Мама напряглась. Я увидела, как она сжала губы и будто бы проглотила следующую фразу. Они снова могут поссориться. Поэтому я решила, что лучше об этом сейчас не говорить. Папа, по всей вероятности, тоже так считал он тоже молча отвел глаза, нарочито кашлянул и принялся уплетать завтрак.

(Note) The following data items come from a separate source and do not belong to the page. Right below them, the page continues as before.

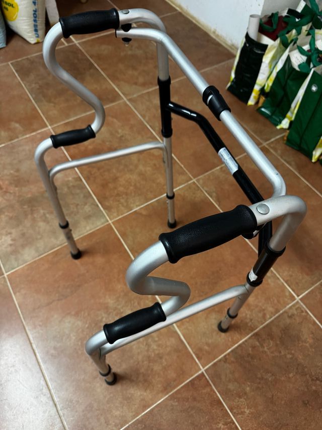 Andador ligero y plegable, ideal para adultos. Su diseño permite un fácil almacenamiento y transporte. - Fabricado en aluminio. - Altura regulable.
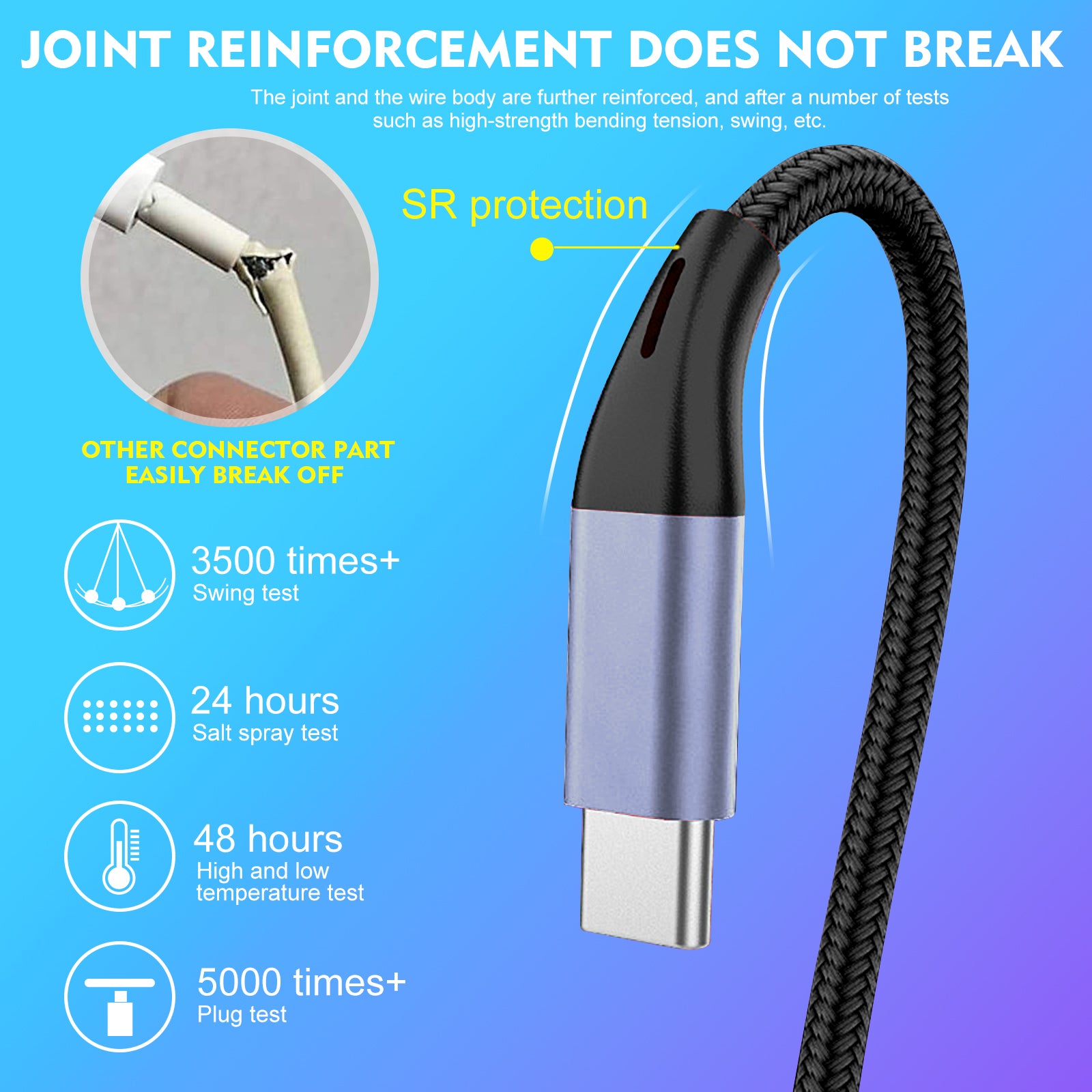 - تصميم موصل جذاب من سبائك الزنك، قلب نحاسي سميك، نايلون مضفر مع حماية متعددة الطبقات، يمكنه مقاومة اللف والخدش، ويمر عبر أكثر من 30000 انحناء، مما يجعل الشحن ونقل البيانات أكثر أمانًا واستقرارًا وأسرع وتقليل الحرارة والحصول على عمل طويل. حياة
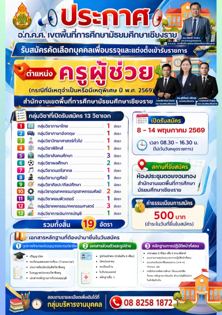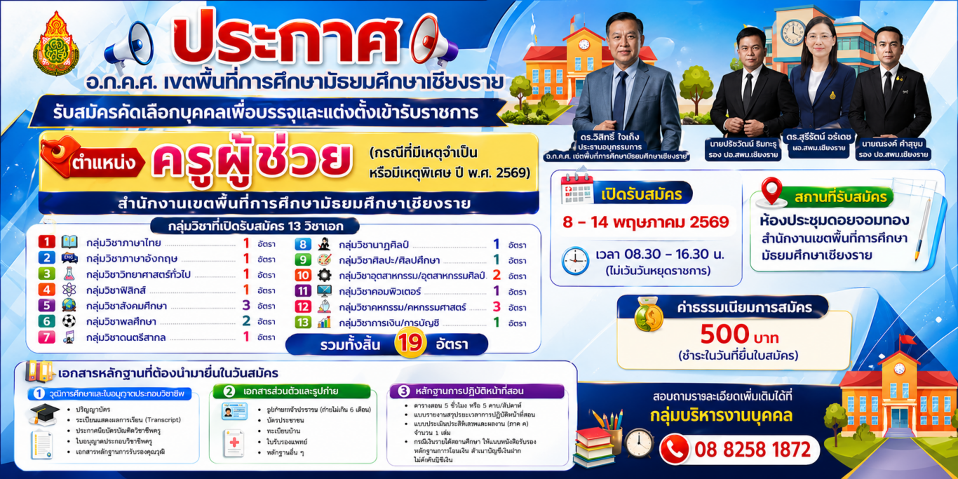 ประกาศสำนักงานเขตพื้นที่การศึกษามัธยมศึกษาเชียงราย เรื่อง รับสมัครคัดเลือกครูผู้สอนภาษาจีนสังกัดสำนักงานเขตพื้นที่การศึกษามัธยมศึกษาเชียงราย จำนวน 1 อัตรา ครูผู้สอนภาษาจีนปฏิบัติงานโรงเรียนเชียงของวิทยาคม
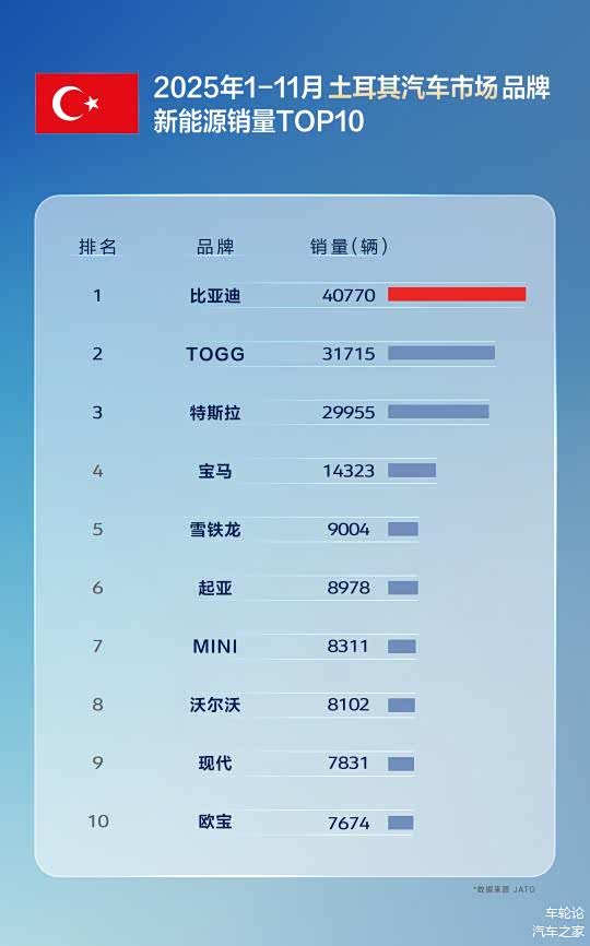 2025年1-11月,比亚迪在英国、德国、意大利、西班牙、奥地利、爱尔兰、马来西亚、土耳其、新加坡、泰国、中国等11个汽车核心国家市场,销量已经全面超越特斯拉。凭借多元化产品矩阵,比亚迪精准契合了全球不同市场消费者的差异化需求。同时,通过推进自建滚装船、本地化生产、构建完善的服务体系等一系列协同举措,为其海外拓展提供了坚实支撑。在这些出海策略的有力推动下,。
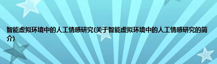 大家好,智能虚拟环境中的人工情感研究,关于智能虚拟环境中的人工情感研究的简介很多人还不知道,现在让我们一起来看看吧!
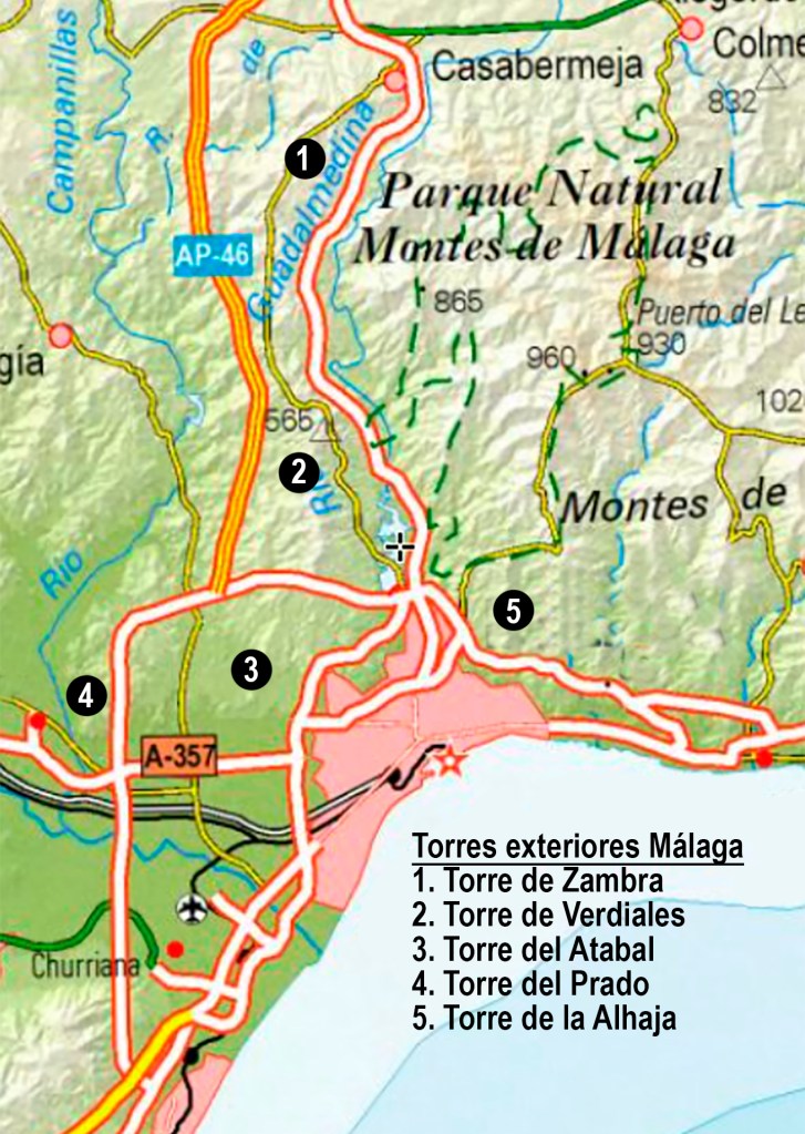 Como se ve en el plano que aporto, se han encontrado un total de cinco torres en el entorno de la capital. De norte a sur, la de Zambra (que se encuentra en terrenos de Casabermeja), la de la Reina o Verdiales, la de Atabal, la del Prado y finalmente la de la Alhaja, un poco distinta de las anteriores. La de Zambra y la del Atabal han sido completamente restauradas.
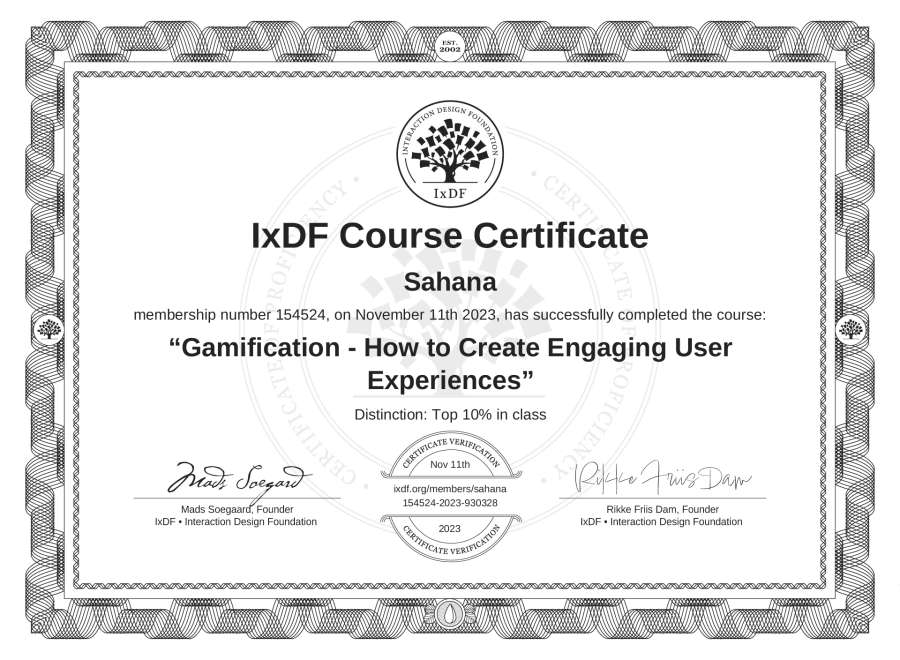 Sahana's IxDF Course Certificate: Gamification - How to Create Engaging User Experiences
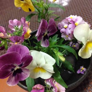 こんばんは(*^▽^*) 連休の中盤に 土岐の陶器市に行ってきました。 すごく便利なものを ゲット😄 丸く平べったい陶器に穴が 空いていて、お皿に沈めると 簡単にお花を挿せるんです❣️ 終わりかけのビオラと ネメシアを飾ってみました。
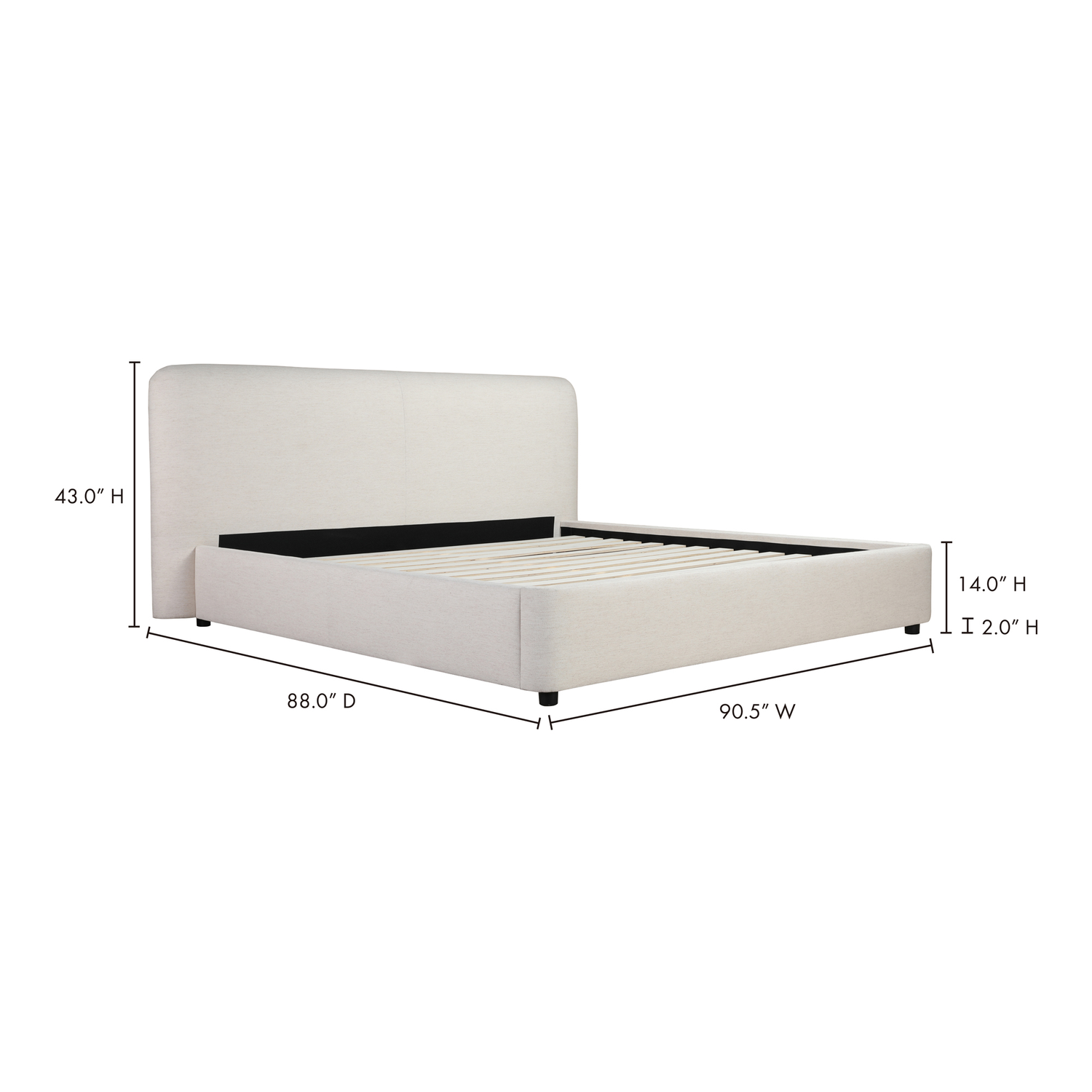 - Soft linen-blend upholstery with foam padded headboard- Solid pine wood frame with a low-profile

После трапезы я, мама и папа вышли из дома. До школы было всего десять минут ходьбы моими маленьким шажками. Школа, в которой я буду учиться, была первой большой школой в Джаркургане, где большинство учеников были русскоговорящие дети. Она называлась тогда школа имени Луначарского. Эта очень старая школа, где еще учились мама и папа. Но выглядела она не как дряхлая старушенция, а как почтенная дама, умудренная опытом, хранящая самые сокровенные тайны. Хотя она и была ветхой, не обустроенной, не оснащенной как положено и очень бедной, но все же выглядела весьма достойно. В стенах школы Луначарского росли дети, в которых был дух свободы и неподдельной радости. Здесь пробивались первые ростки дружбы и пускали свои завязи первые чувства между мальчиком и девочкой. Сколько бы ни прошло лет, я всегда буду помнить именно эту школу с ее песнями о детстве, о пестром глобусе, о первых погожих днях. Буду помнить единственного и неповторимого баяниста Ахмеда Мухамедовича, который был любимым учителем всех детишек начальной школы. И хотя я нечасто вглядывалась в его округлое, строгое, спрятанное под затененными очками и густыми серебристыми усами лицо, в конце концов я все же нашла в нем нечто, чего нет в других учителях. Он был универсальным человеком. Он мог преподавать любой предмет с поразительным мастерством. И всегда его уроки пролетали как один короткий миг. Его уроки проходили весело, под сопровождение какой-нибудь интересной истории. Ахмед Мухамедович — самый популярный учитель во всей истории школы Луначарского. Он вел не только музыку и пение, но и географию у старших классов, этику, физику. Учителей тут катастрофически не хватало. Но те учителя, которые уже тут работали не первый год, были мудрыми и творческими людьми. Молодые учителя не в счет, хотя и среди них находились весьма оригинальные личности. К примеру, я думаю, что моя мама, которая тоже там работает учительницей английского языка, очень хороший педагог. По крайней мере, я в этом себя часто убеждала.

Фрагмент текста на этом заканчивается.